Moonwell users must withdraw Wormhole assets before Moonbeam sunset on July 31, 2026
The Polkadot parachain is shutting down permanently, and any assets left behind will be gone forever
Moonbeam, once the crown jewel of Polkadot’s parachain ecosystem, is pulling the plug. The network will cease operations on July 31, 2026, and every user with funds parked on the chain, whether through Moonwell, Wormhole, or any other protocol, has a hard deadline to get their money out.
What’s happening and why it matters
Wormhole, the cross-chain interoperability protocol that enables token transfers across blockchains, has issued a direct warning to its users. Any assets bridged to Moonbeam via Wormhole must be withdrawn and transferred to other networks before the shutdown date. Once the parachain winds down, Wormhole contributors will not be able to assist with any stuck assets.

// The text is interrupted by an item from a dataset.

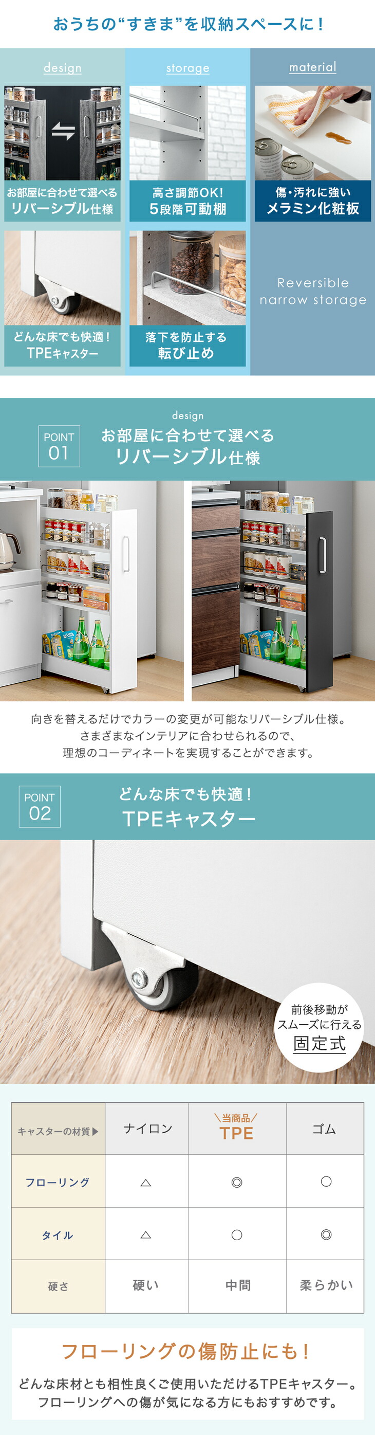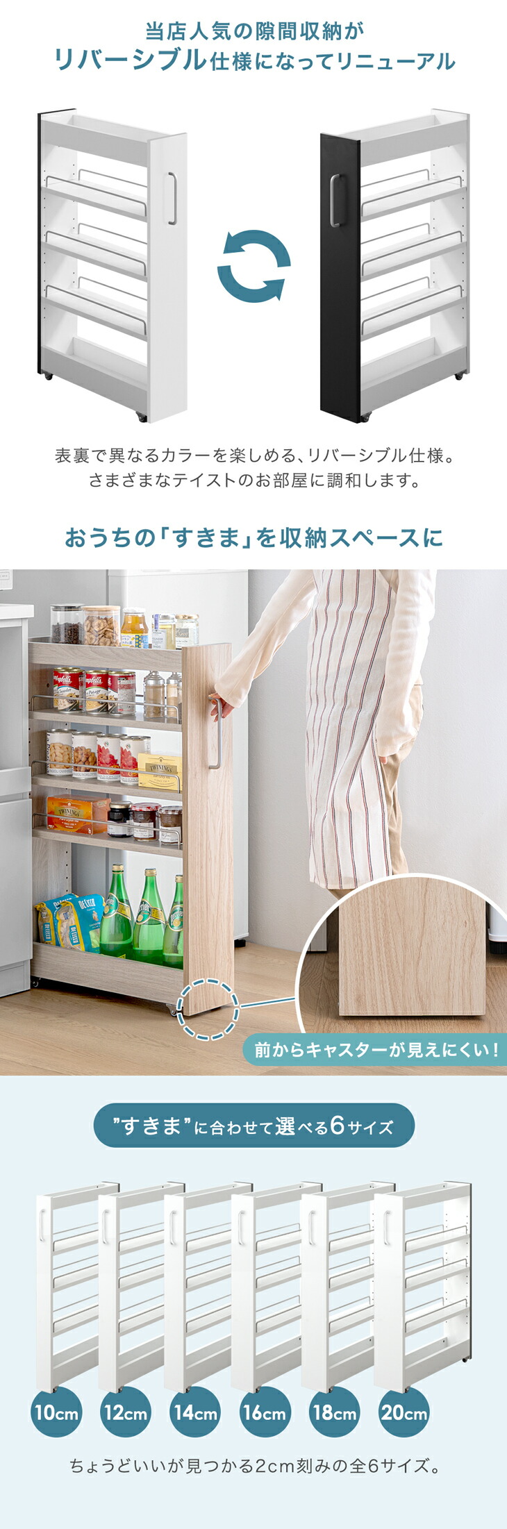 隙間収納 キッチン スリム ロータイプ リバーシブル 49600459 49600460 49600461 49600462 49600463 冷蔵庫 すきま収納 キッチン収納 洗面所

Moonwell, the decentralized lending protocol that operates on Moonbeam, is taking the threat seriously. The protocol has introduced governance proposal MIP-M45, which aims to halt all new supply and borrowing activity on Moonbeam ahead of the parachain’s closure. The proposal also calls for withdrawing reserves from various markets on the chain.
The assets affected on Moonwell include GLMR, xcDOT, USDC, FRAX, and ETH. Users with open lending or borrowing positions on the protocol’s Moonbeam deployment need to close them manually. There is no automatic migration, no safety net, no do-over.

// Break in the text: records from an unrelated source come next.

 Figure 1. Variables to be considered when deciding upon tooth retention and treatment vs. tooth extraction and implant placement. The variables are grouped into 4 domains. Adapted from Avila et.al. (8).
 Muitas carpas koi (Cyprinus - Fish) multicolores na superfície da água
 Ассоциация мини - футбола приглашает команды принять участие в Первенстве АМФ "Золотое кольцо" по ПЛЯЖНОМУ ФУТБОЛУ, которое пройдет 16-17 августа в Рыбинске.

Moonwell’s strategic retreat from Polkadot
Moonwell deprecated its Moonriver deployment on January 29, 2026. Moonriver is Kusama’s equivalent of what Moonbeam is to Polkadot, essentially a canary network that served as a testing ground.
Then, on May 21, 2026, Moonwell migrated its governance from Moonbeam to the Ethereum mainnet. MIP-M45 is the final chapter of that migration story. By halting all new lending and borrowing on Moonbeam, the protocol is effectively telling its remaining users: we’re leaving, and you should too.
The GLMR token migration to Base
For holders of GLMR, Moonbeam’s native token, there’s a specific path forward. The token is scheduled to migrate on a 1:1 basis to an ERC-20 token on Base, Coinbase’s Layer-2 network built on Ethereum’s OP Stack.
A migration bridge has been set up for this purpose, but it comes with the same hard deadline. The bridge is expected to remain operational only until July 31, 2026. After that, any GLMR still sitting on Moonbeam becomes unrecoverable.
Moonbeam was the first parachain on Polkadot to support full Ethereum-compatible smart contracts, having launched on January 11, 2022.
What investors and users should do now
The immediate priority is straightforward: if you have any assets on Moonbeam, move them. This applies whether you’re using Moonwell, Wormhole, or any other protocol deployed on the chain.
For Moonwell users specifically, the steps involve closing any open lending or borrowing positions on the Moonbeam deployment. For GLMR holders, the 1:1 migration to an ERC-20 token on Base needs to happen before the bridge closes on July 31, 2026.